Tuesday 7 April 2009

Increase Sales! and other lies to justify IT

"The website for the ten million pound sales campaign with this partner will take just two days effort to develop!" appealed the sales leader to the Star Chamber for technology project justification.

"This is not going to increase our revenue by one pound" said the CEO. "Our web developers' time is better spent on other projects. Next proposal..."

The CEO was right. The addressable sales opportunity was not going to get any bigger because of the website. The website was not going to reduce the sales force assigned to the program.

It is all too easy to justify benefits as simply increased sales. It is the easiest way to get a big number on the benefit side. And the easiest trap to fall into for a business case.

(A search on Amazon shows that there are 127 books with "increase sales" in the title, bought by sales people who justify the purchase as "cost £20, benefit increased sales".

They are written by very canny salespeople who have discovered the benefits of scalability: If they sell then their income is limited by the number of hours in their day. If they write a book on selling then their income is no longer limited by their time but the marketablity of their ideas.)

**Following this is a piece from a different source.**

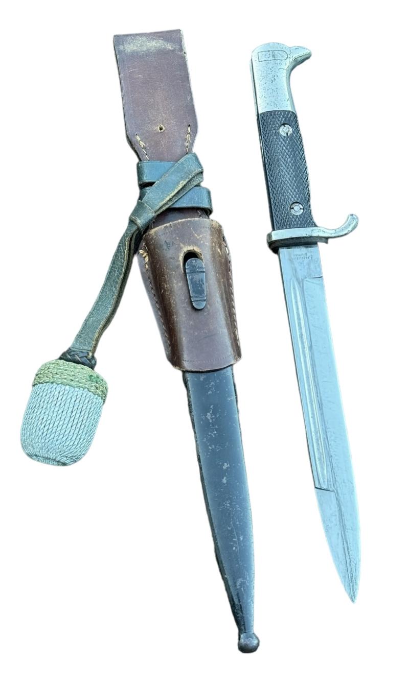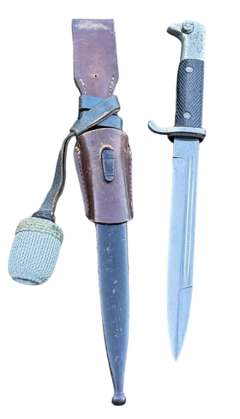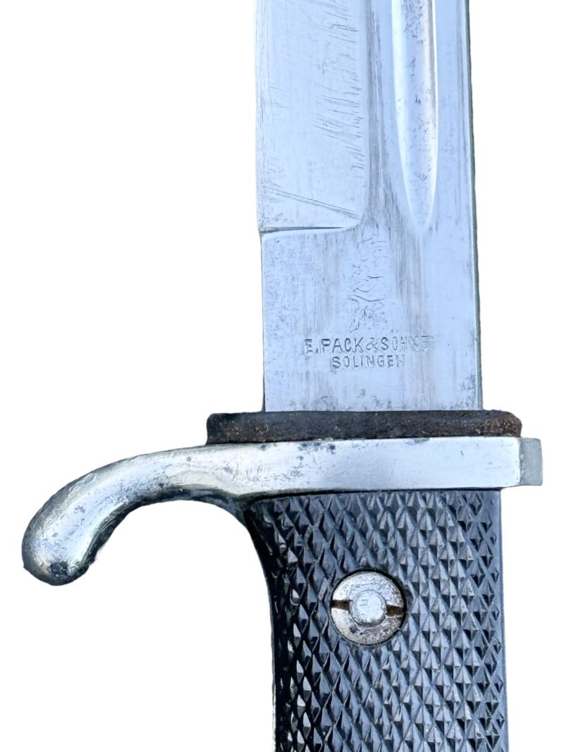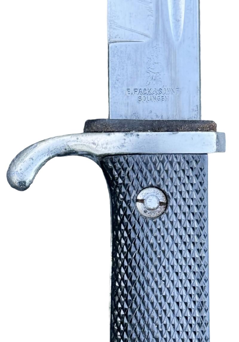 Very nice used Wehrmacht dress bayonet with Porte Pé and frog. Made by “E. Pack & Söhne, Solingen”

So if you use "increased sales" as one of your benefits look long and hard at it.

  • The benefits of the process improvement are not the total sales increase – but the increase in net revenue, after allowing for the full cost of sales and marketing and all other overheads.
  • It is essential that there is a clear link between the increase in sales revenue and sales process improvement. It is not enough to attribute the increase in sales revenue in the current year to the process change. You should provide some firm and auditable types of deals or specific sales that can be justified and backed by sales management - who will need to ensure that the specific sales revenues have not been double counted for benefits or commission elsewhere.
  • If you have an innovative sales channel then you need to make sure that you allow for any loss of sales revenue from other channels.

If you don't have the specific link from the process improvement to the benefit the risk is all to clear in the current economic climate: The process is implemented but because of the global recession sales fall. Now where is the benefit in that?